Thank you for considering me as your mentor. I value the chance to tell you about myself so you have more information to decide whether what I offer and how I teach is a good fit for your aims and values.

Some significant experiences include: Meditation Master Dipa Ma showing me how transformational loving presence can be. A bear (https://youtu.be/i0S-baljhh8) teaching me the power of refuge and surrender.  Being a Buddhist nun for 26 years showing me how to suffer wisely, and where to find joy, love and peace that’s innate. Chronic illness continuing to show me many things including finding the balancing between patience with things as they are and doing whatever it takes.

I am devoted to the pursuit and embodiment of truth personally, relationally, in meditation, and watching others grow. Being an MMTCP mentor allows me to do what I love.

I am passionate about cultivating connection, supporting individuals both in their Dharma practice and their growth as teachers. Regardless of the skill you have already achieved, I invite you to step into your full potential.

I thrive in contexts where everyone can show up authentically, lean into vulnerability and experience presence. This includes understanding how different characteristics of identity – levels of ability, race, sexual orientation and gender identity shape our experiences. As part of this effort, I also emphasize trauma-informed practices, and integrate them into every aspect of the curriculum, and where applicable in mentoring my students.

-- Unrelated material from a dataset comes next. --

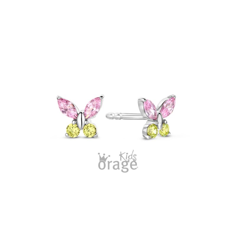 Silberne Kinderohrringe Schmetterling rosa/gelb Orage Kids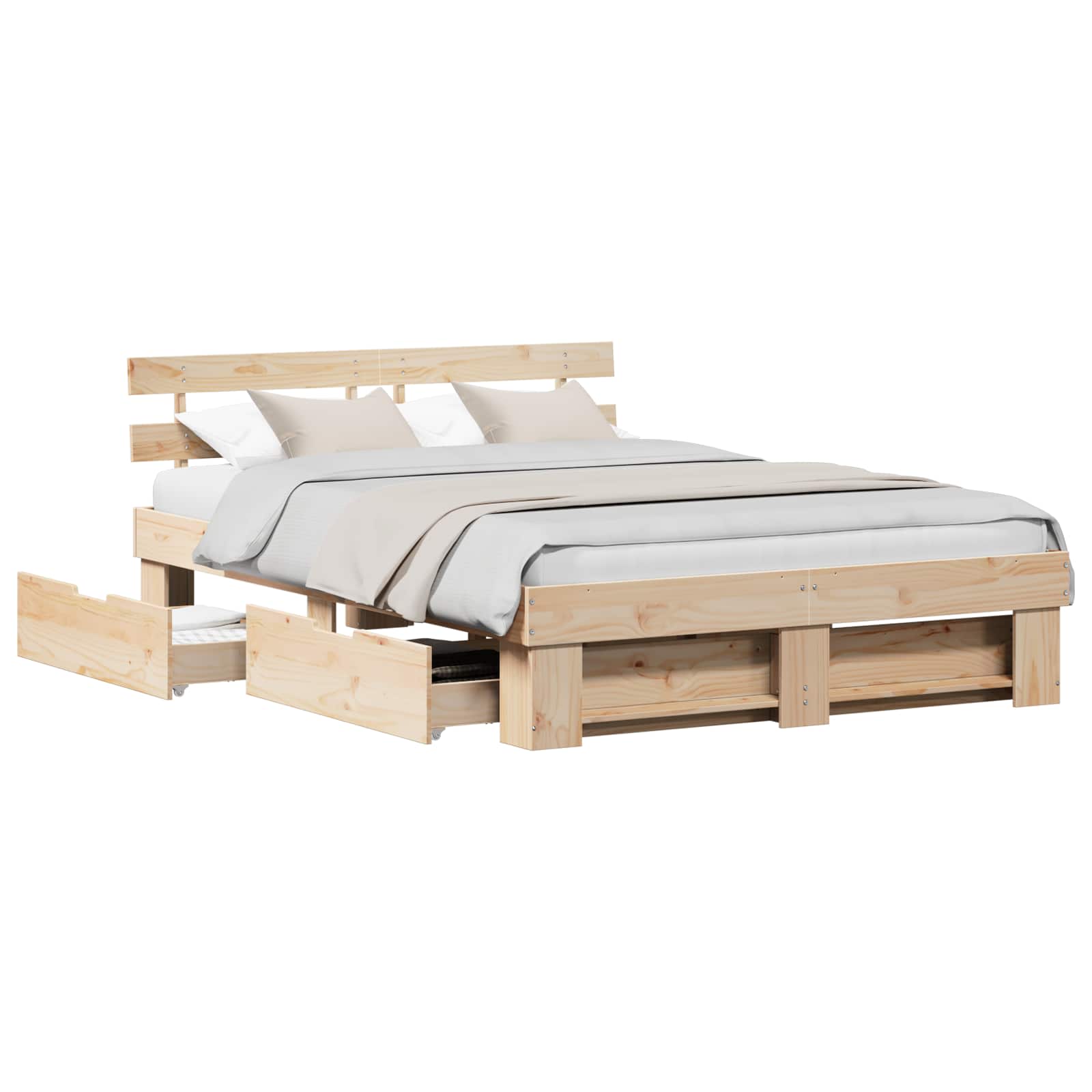 Rám postele s čelo Hnědá 150 x 200 cm Masivní borové dřevo

I invite you to be responsible – know your needs, advocate for them asking for support when appropriate and letting me know when I or another have done something to cause you to feel less safe. I will ask you to take leadership roles in both the peer and mentor groups.

You can expect me to refer to the early Suttas particularly when they differ from the teachings of Western secular Buddhism. I do this in order to empower you in your Dharma practice and in your teaching. My teaching style alternates from relaxed and conversational where I ask you questions to didactic where I share information.

BIOGRAPHY 

I was born in 1962 and started meditating in 1979. My first Dharma teacher, Jack Engler, said, “you have to be someone before you can be nobody.” Thus, from the onset of my spiritual path, I have been interested in psychological development alongside awakening. As a gender fluid, queer, white woman of Jewish ancestry, with invisible disabilities, I understand the importance of belonging and the pain of not belonging. I speak intermediary level Spanish.

I was a Buddhist monastic for 28 years. My first monastic teachers were Ajahn Chah and His Holiness Dalai Lama. I became an Anagarika (postulant) in 1989 and received my first nun’s ordination in 1991 in England. I first started teaching Dharma to families in 1989- and ten-day intensive retreats in 1996.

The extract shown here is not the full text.